It has to do with special relativity. Essentially, it takes an infinite amount of energy to accelerate a massive particle to the speed of light.

“Why can’t” type questions aren’t very easy to answer. Why can’t I cast magic spells? Is something stopping me from doing it? Not really, it just doesn’t work. Try thinking about it in terms of what actually happens if you try. Then at least we’re describing a world we live in.

in special relativity, the velocity of a massive is no longer proportional to momentum/energy. to closer you get to the speed of light, the more energy you need to invest to raise the velocity for the same amount. the energy cost asymptotically grows to infinity as you get closer.

on the other side, a massless particle can only travel at the speed of light and no other speed, because it has no moment of inertia. even if it has almost no energy, the velocity is still constant.

The easiest answer I can think of –

What we used to “know” was when you push on something it moves faster, push on something twice as hard, it moves twice as fast. etc. It’s important to note that in this view 100% of the “push energy” goes into the moving energy.

What we now “know” is that not all the push energy goes into the moving energy. Some %, let’s say X% gets “absorbed” by the thing your pushing and turns into mass.

Making it harder, X isn’t even consistent. Basically the faster the thing is moving the bigger X is. So in our daily lives where we don’t see things moving especially fast X is basically 0.0000001%, even bullets are “slow” in this regard.

But if you took a bullet and just kept pushing and pushing and pushing eventually it’s moving fast enough where X is 1% or 5% or 20%.

So at those speeds not only is a lot of your push “disappearing” and not becoming moving energy, ALSO the object is getting *heavier* meaning your next push is going to have less of an effect anyway.

So it’s two exponential problems – Problem 1: eventually all of your push is getting absorbed as mass and none is going to actually making the thing move faster and Problem 2: your thing is getting infinitely heavy as well so pushing it gets even harder until it’s impossible.

E=(mc^2)/(1-(v^2/c^2))

Here’s the special relativity energy equation, which will Taylor expand giving E= mc^2 + 1/2 mv^2 + ……..

As v approaches c, the denominator of the fraction in the equation gets smaller.

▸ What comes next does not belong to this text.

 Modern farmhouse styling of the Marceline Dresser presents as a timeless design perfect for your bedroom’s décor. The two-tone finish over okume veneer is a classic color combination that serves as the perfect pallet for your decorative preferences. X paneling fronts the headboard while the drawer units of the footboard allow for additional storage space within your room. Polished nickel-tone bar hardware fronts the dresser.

The energy keeps increasing such that you would need an infinite amount of energy to actually reach the speed of light.

We can even explain it with special relativity. It takes infinite energy to do.

The lorentz factor, γ = 1/sqrt(1-v^(2)/c^(2)) approaches infinity as v approaches 0.

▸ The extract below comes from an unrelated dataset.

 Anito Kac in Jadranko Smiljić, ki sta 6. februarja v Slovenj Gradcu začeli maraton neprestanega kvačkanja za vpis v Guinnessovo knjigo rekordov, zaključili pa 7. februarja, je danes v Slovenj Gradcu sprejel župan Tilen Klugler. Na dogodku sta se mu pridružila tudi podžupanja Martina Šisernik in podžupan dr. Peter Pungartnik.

From the relativistic kinetic energy and momentum equations, we can get the following

v=pc^(2)/E

If we take the complete form of E=mc^2 (accounting for momentum)

E^(2)=(mc^(2))^2 + (pc)^2

Combining these two equations gives us

v=pc/sqrt((mc)^2 + p^(2))

As we can see, only when m=0 does v=c, and this is true for any momentum.

The derivation is left as an exercise for the reader

Massive particles need infinity energy to travel at c, and massless particles must travel at c.